Many words are walked in the world. Many worlds are made. Many worlds make us. There are words and worlds that are lies and injustices. There are words and worlds that are truthful and true. In the world of the powerful there is room only for the big and their helpers. In the world we want, everybody fits. The world we want is a world in which many worlds fit…Our words, our song and our cry is so that the dead will no longer die. We fight so that they may live. We sing so that they may love. – Fourth Declaration of the Lacandon Jungle (1996), Zapatista National Liberation Army. Cited as epigraph in Pluriverse: A Post-Development Dictionary.
The New Grave-Diggers of Capital?
‘The world we want is a world in which many worlds fit’. This neatly sums up the idea of the ‘pluriverse’. Reading it, I was reminded of an interview of ‘Subcommandante Marcos’, ‘leader’ of the Zapatistas, some years ago. In that interview, Subcommandante Marcos (then anonymous) recounted that he and his colleagues at the Autonomous Metropolitan University in Mexico, who joined him in the Chiapas mountains in 1984, were Marxists and had basically gone there to organize the indigenous people. And for Marxists that bascially meant to ‘raise their awareness’ about capitalism and exploitation.
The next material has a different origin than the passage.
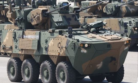 건군 75주년 국군의날 행사 때 공개된 30mm 차륜형 대공포 ‘천호’. 2일 경기 파주에서 차륜형 대공포 ‘천호’의 30mm 대공포탄이 폭발해 부사관 등 4명이 다쳤다. 사진은 기사 내용과 직접 관련 없음.

What transpired there was something else, said Marcos. For the language they knew made no sense to the indgenous people and it was simply not possible to ‘inject’ Marxism into their veins, for their ways of thinking were their ways of being as well. Not only did they have to unlearn their own years of social science training and their Marxist vocabulary, they slowly learnt to make sense of the ‘world’ of the indigenous people and discover the huge gulf that separated them. Stories they narrated could have happened yesterday, a week or a month ago or perhaps in some other time, long long ago.
Not very long ago, these modes of being were seen as belonging to the past whose historical destiny it was to simply perish, in order to make way for the modern. Their ways of being, their knowledge systems, their animist ‘beliefs’ and their relation to their world – the forests, the mountains, the rivers – all were seen as some quaint remnants of a past long gone by. Moderns would dub any reference to the destruction of these life forms as mere ‘romanticization of a mythical past’. It was not that long ago when Evo Morales wrote in his public letter on Climate Change in November 2008, that ‘Everything began with the industrial revolution in 1750, which gave birth to the capitalist system’, to which he was taken to task by a communist philosopher in the following words:
Fidelity to the communist Idea [thus] means that…we should remain resolutely modern and reject the all too glib generalization whereby the critique of capitalism morphs into the critique of “instrumental reason” or “modern technological civilization”.[(Zizek 2009: 97), First as Tragedy, Then as Farce, emphasis added]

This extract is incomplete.